▸ **EXTRACTED RECORDS**
============

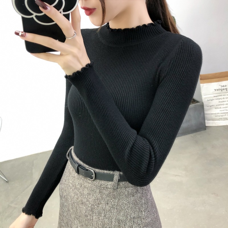 Inner rajut turtleneck inner Manset Rajut Wanita Lengan Panjang manset keriting manset kriwil
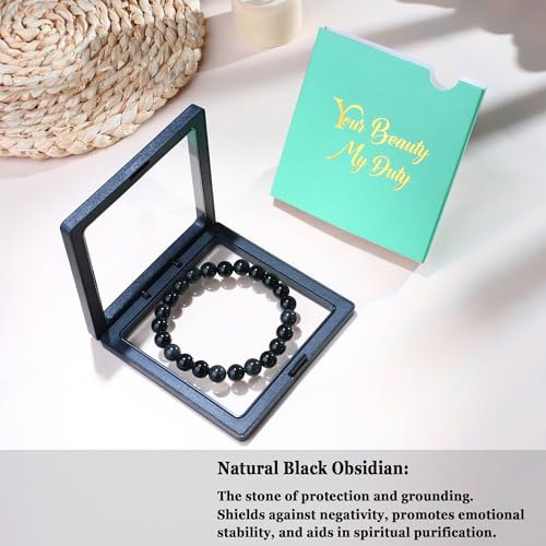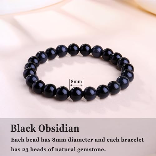 Chriscoco - سوار من الاحجار الطبيعية 8 ملم للنساء والرجال كريسكوكو طاقة كريستال كوارتز روز عين النمر افينتورين اخضر تركواز افريقي زجاج بركاني اسود حجر طبيعي
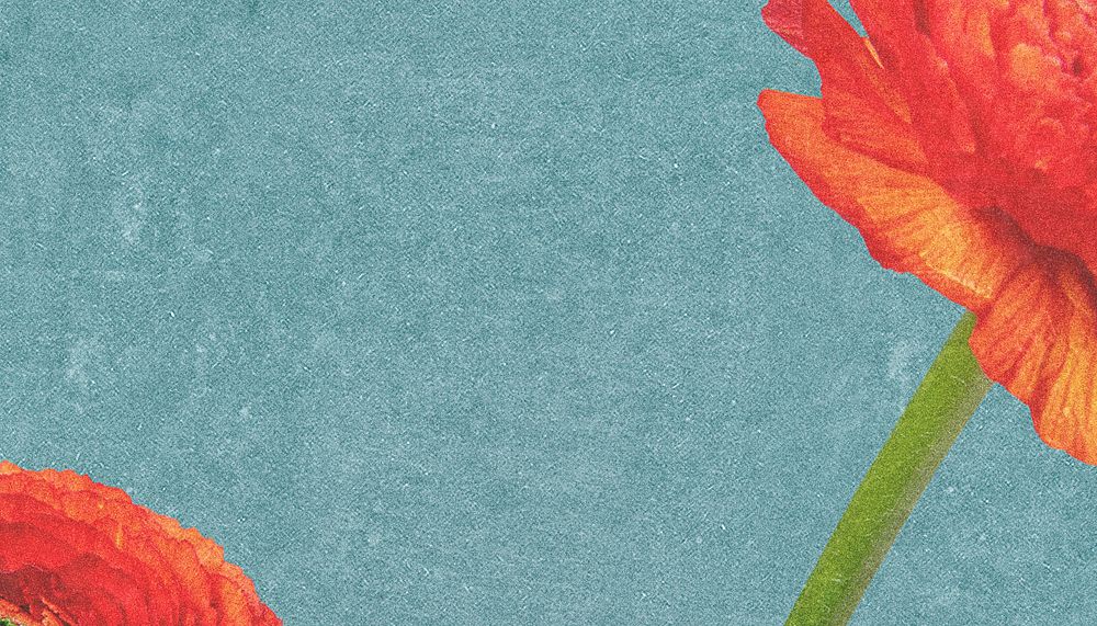Blue aesthetic textured background red flower border
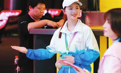 4月25日晚,在第八屆中小學(xué)生藝術(shù)展演活動(dòng)全國(guó)匯演開幕式上,學(xué)生志愿者引導(dǎo)觀眾有序入場(chǎng)。 本報(bào)記者 張學(xué)軍 攝
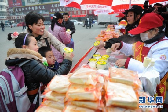 1月26日,春运志愿者为即将乘坐列车的旅客送上早餐。当日是2013年春运的第一天,合肥市瑶海区城管局请来春运志愿者在火车站广场设立“春运志愿便民服务站”,为在火车站乘车的旅客提供免费早餐。过往的旅客凭手中的火车票即可免费领到一个面包、一个热包子和一杯热豆浆。据了解,免费向旅客发放早餐的活动将一直持续到整个春运结束。新华社记者 杜宇 摄
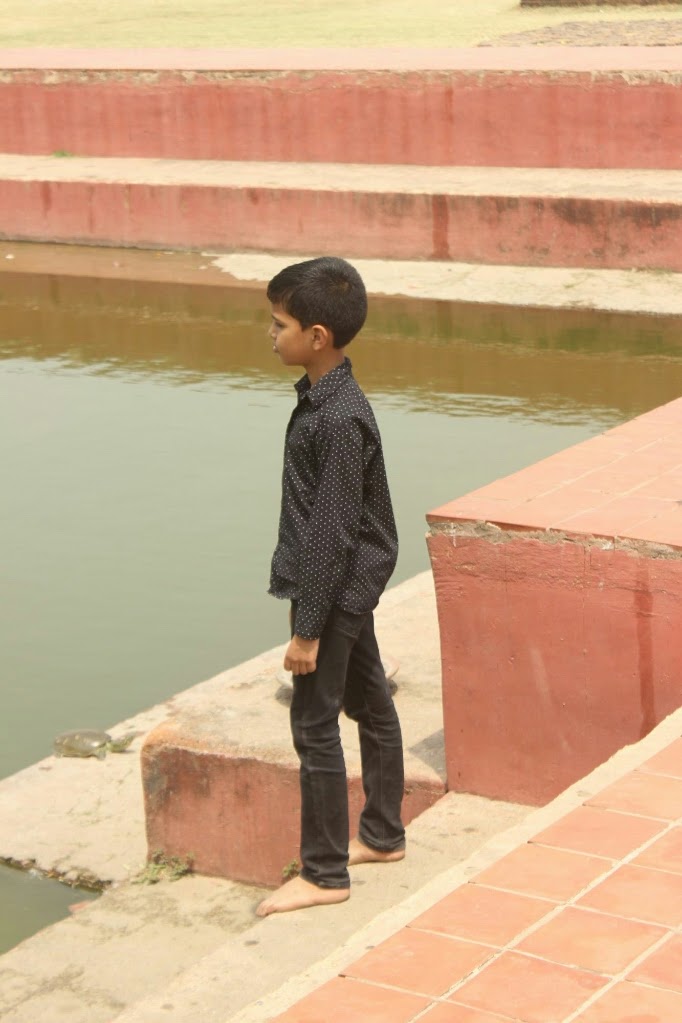 בבוקר קמנו מאוחר, אכלנו מאוחר ארוחה מערבית די פשוטה שלא בהתאם למחיר של החדר, ועלינו לשהות בחדר עד היציאה המואוחרת מהחדר באחת בצהריים. עדיין היו עוד כשש שעות להעביר עד יציאת האוטובוס וישבנו במין ספה לא הכי נוחה מול הקבלה, כי לא היה שם לובי ממשי וממש לא התחשק לנו לצאת לחום הנורא ולחפש מקום יותר טוב. ראיתי בעיתון הבוקר באנגלית שנדחף מתחת לדלת שלנו מוקדם בבוקר, שהחום הכבד בכל הודו ובמיוחד באזור בו היינו, גבה כבר מחיר כבד של מתים וחולים שהובהלו לבתי החולים, וזה חיזק את ההתנגדות לצאת כל מקום שאינו הכרחי.
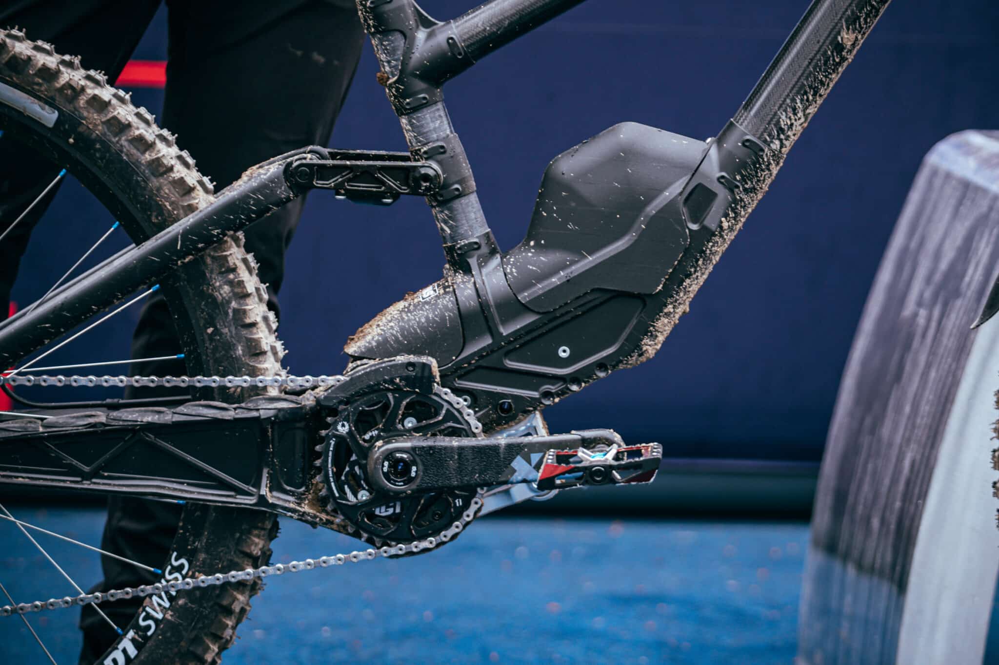 Un petit coup d’oeil au curieux Canyon Sender, au cadre différent du modèle actuel de série, et équipé de suspensions Rockshox disposant de la gestion électronique Flight Attendant.

============

▸ **YOUR ASSIGNMENT**
Only the pictures are left behind; write out everything else in the records exactly.

▸ **PROBLEM SOLUTION**
 Inner rajut turtleneck inner Manset Rajut Wanita Lengan Panjang manset keriting manset kriwil
 Chriscoco - سوار من الاحجار الطبيعية 8 ملم للنساء والرجال كريسكوكو طاقة كريستال كوارتز روز عين النمر افينتورين اخضر تركواز افريقي زجاج بركاني اسود حجر طبيعي
Blue aesthetic textured background red flower border
 4月25日晚,在第八屆中小學(xué)生藝術(shù)展演活動(dòng)全國(guó)匯演開幕式上,學(xué)生志愿者引導(dǎo)觀眾有序入場(chǎng)。 本報(bào)記者 張學(xué)軍 攝
 1月26日,春运志愿者为即将乘坐列车的旅客送上早餐。当日是2013年春运的第一天,合肥市瑶海区城管局请来春运志愿者在火车站广场设立“春运志愿便民服务站”,为在火车站乘车的旅客提供免费早餐。过往的旅客凭手中的火车票即可免费领到一个面包、一个热包子和一杯热豆浆。据了解,免费向旅客发放早餐的活动将一直持续到整个春运结束。新华社记者 杜宇 摄
 בבוקר קמנו מאוחר, אכלנו מאוחר ארוחה מערבית די פשוטה שלא בהתאם למחיר של החדר, ועלינו לשהות בחדר עד היציאה המואוחרת מהחדר באחת בצהריים. עדיין היו עוד כשש שעות להעביר עד יציאת האוטובוס וישבנו במין ספה לא הכי נוחה מול הקבלה, כי לא היה שם לובי ממשי וממש לא התחשק לנו לצאת לחום הנורא ולחפש מקום יותר טוב. ראיתי בעיתון הבוקר באנגלית שנדחף מתחת לדלת שלנו מוקדם בבוקר, שהחום הכבד בכל הודו ובמיוחד באזור בו היינו, גבה כבר מחיר כבד של מתים וחולים שהובהלו לבתי החולים, וזה חיזק את ההתנגדות לצאת כל מקום שאינו הכרחי.
 Un petit coup d’oeil au curieux Canyon Sender, au cadre différent du modèle actuel de série, et équipé de suspensions Rockshox disposant de la gestion électronique Flight Attendant.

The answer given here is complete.